С другой же стороны, эндотелий реализует многие звенья патогенеза АГ, непосредственно участвуя в повышении АД.

Роль эндотелия в сердечно-сосудистой патологии

В привычном человеческому сознанию виде эндотелий представляет собой орган весом 1,5-1,8 кг (сопоставимо с весом, например, печени) или непрерывный монослой эндотелиальных клеток длиной 7 км, или занимающий площадь футбольного поля, либо шести теннисных кортов. Без этих пространственных аналогий было бы трудно представить, что тонкая полупроницаемая мембрана, отделяющая кровоток от глубинных cтруктур сосуда, непрерывно вырабатывает огромное количество важнейших биологически активных веществ, являясь таким образом гигантским паракринным органом, распределенным по всей территории человеческого организма.

Барьерная роль эндотелия сосудов как активного органа определяет его главную роль в организме человека: поддержание гомеостаза путем регуляции равновесного состояния противоположных процессов - а) тонуса сосудов (вазодилатация/вазоконстрикция); б) анатомического строения сосудов (синтез/ингибирование факторов пролиферации); в) гемостаза (синтез и ингибирование факторов фибринолиза и агрегации тромбоцитов); г) местного воспаления (выработка про- и противовоспалительных факторов) .

Необходимо заметить, что каждая из четырех функций эндотелия, определяющая тромбогенность сосудистой стенки, воспалительные изменения, вазореактивность и стабильность атеросклеротической бляшки, напрямую или косвенно связана с развитием, прогрессированием атеросклероза, АГ и ее осложнений . Действительно недавние исследования показали, что надрывы бляшек, приводящих к инфаркту миокарда, отнюдь не всегда происходят в зоне максимального стенозирования коронарной артерии, напротив, зачастую случаются в местах небольших сужений - менее 50% по данным ангиографии .

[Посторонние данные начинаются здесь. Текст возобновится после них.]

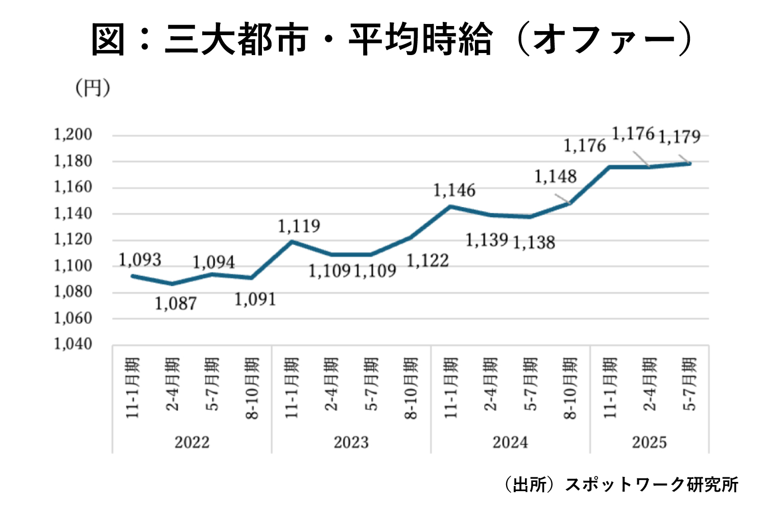 もう一つの課題は、スポットワークの平均時給が決して高くないことである。スポットワーク研究所「スポットワーク市場 クォータリーレポート」によれば、25年5月~7月期の三大都市圏のスポットワーク平均時給は1179円となっている。これではフルタイム並みに働いても1カ月で19万弱にしかならない。

Таким образом, изучение роли эндотелия в патогенезе сердечно-сосудистых заболеваний (ССЗ) привело к пониманию, что эндотелий регулирует не только периферический кровоток, но и другие важные функции. Именно поэтому объединяющей стала концепция об эндотелии как о мишени для профилактики и лечения патологических процессов, приводящих или реализующих ССЗ.

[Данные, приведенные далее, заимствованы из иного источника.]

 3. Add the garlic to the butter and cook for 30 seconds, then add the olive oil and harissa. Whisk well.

Понимание многоплановой роли эндотелия уже на качественно новом уровне вновь приводит к достаточно известной, но хорошо забытой формуле "здоровье человека определяется здоровьем его сосудов".

Фактически, к концу XX века, а именно в 1998 году, после получения Нобелевской Премии в области, медицины Ф. Мурадом, Робертом Фуршготом и Луисом Игнарро, была сформирована теоретическая основа для нового направления фундаментальных и клинических исследований в области АГ и других ССЗ - разработке участия эндотелия в патогенезе АГ и других ССЗ, а также способов эффективной коррекции его дисфункции.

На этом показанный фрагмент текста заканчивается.